Father would have been afraid. Father kept his secret locked up tight in the daylight. In the daylight he could pretend he was my father, but he took no risks. He was careful not to let his eyes linger, to stray to places on my body where he could be betrayed. One look, one wrong glance in the daylight could unsettle him, loosen the tight hold he kept on his incestuous longings.

“Wanting in refinement, but lovely.” She fingered the collar of my dress. “Not much time to have a dress made for you,” she sighed.

It was my best dress. It was pink.

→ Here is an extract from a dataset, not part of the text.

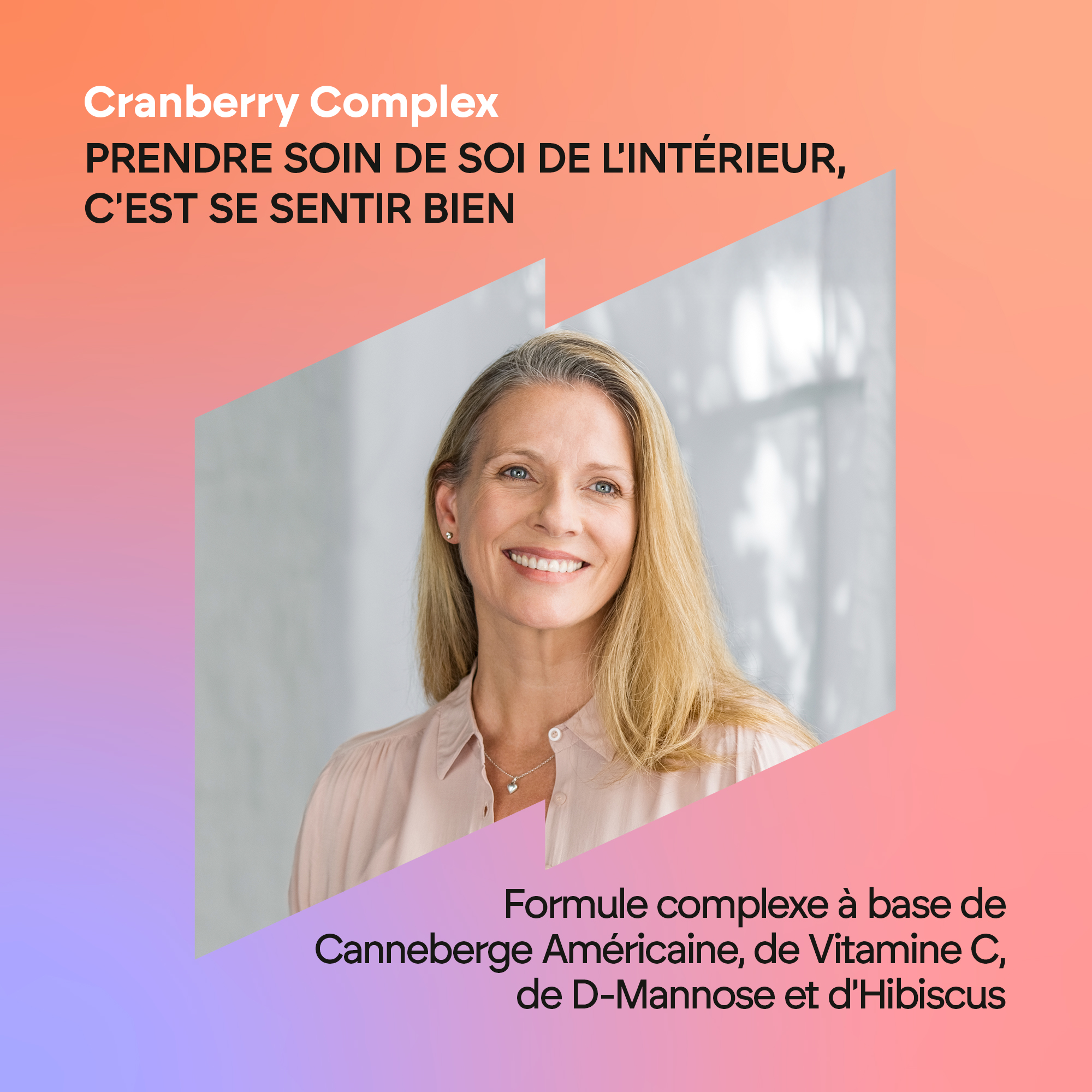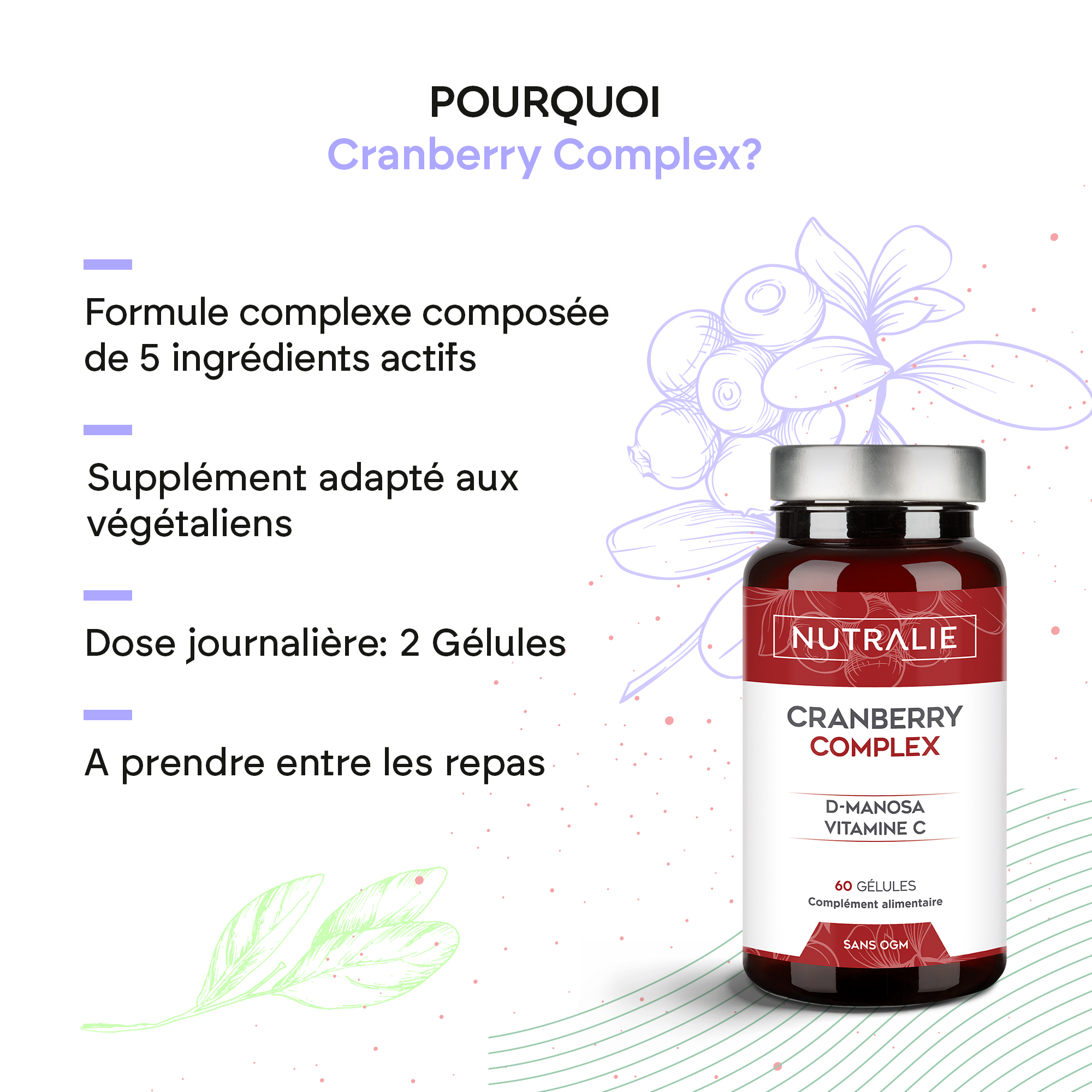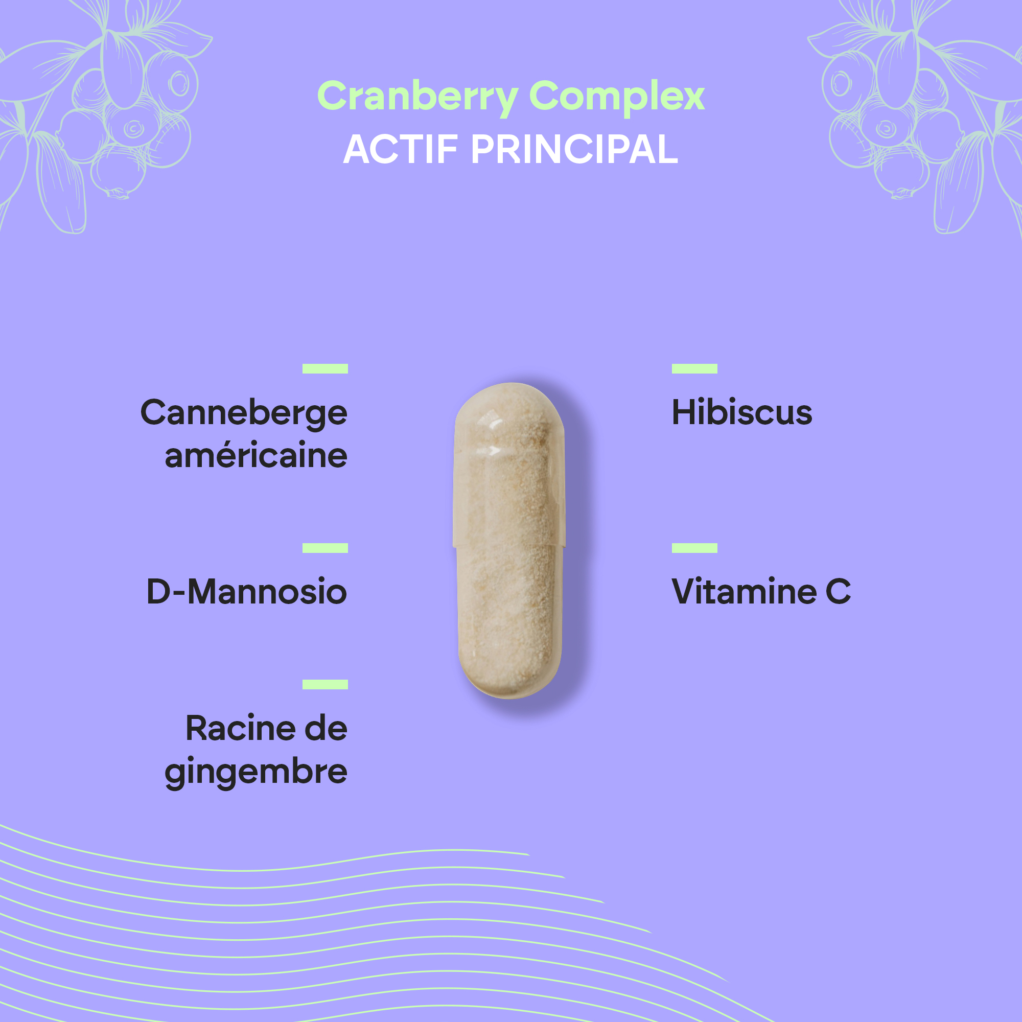 Notre Complexe Canneberge contient également 80 mg de vitamine C, 400 mg de D-mannose et 100 mg d’hibiscus.

Pink looked good on me, Carlos said.

“I can wear this dress,” I said.

She continued to inspect me, her eyes traveling up and down my body, from my head to my toes. “Perhaps something in blue to match your pretty eyes. Mr. Haynes and his son will be here for supper tomorrow. You must look your best.”

“I like this dress,” I said.

She patted my cheeks. “No need to be ashamed, my dear. I can’t expect you to find a seamstress among the lepers.”

I made a feeble attempt to protest, but she grasped my hand firmly. “Come. Enough of this chatter. You must be exhausted. Jane! Jane!” She called out to Jane again and turned back to me. “Rest. I know you must have had to wake up early.” When Jane reappeared, she instructed her to take me to my room. “I’ll come for you at lunchtime,” she said.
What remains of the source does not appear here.